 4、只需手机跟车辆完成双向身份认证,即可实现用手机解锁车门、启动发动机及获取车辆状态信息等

---

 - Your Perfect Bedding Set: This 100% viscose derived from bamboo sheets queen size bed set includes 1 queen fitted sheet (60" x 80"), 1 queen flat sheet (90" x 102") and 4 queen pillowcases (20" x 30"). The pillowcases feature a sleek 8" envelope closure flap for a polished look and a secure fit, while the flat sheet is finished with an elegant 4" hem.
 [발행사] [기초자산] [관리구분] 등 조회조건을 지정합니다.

> **PROBLEM REQUIREMENTS**:
What you give back should be exactly the lines of the data above from the line with "- Your Perfect" through the line with "[발행사] [기초자산] [관리구분] 등 조회조건을 지정합니다.", both of those included, and nothing more.

> **SOLUTION TO THIS TASK**:
 - Your Perfect Bedding Set: This 100% viscose derived from bamboo sheets queen size bed set includes 1 queen fitted sheet (60" x 80"), 1 queen flat sheet (90" x 102") and 4 queen pillowcases (20" x 30"). The pillowcases feature a sleek 8" envelope closure flap for a polished look and a secure fit, while the flat sheet is finished with an elegant 4" hem.
 [발행사] [기초자산] [관리구분] 등 조회조건을 지정합니다.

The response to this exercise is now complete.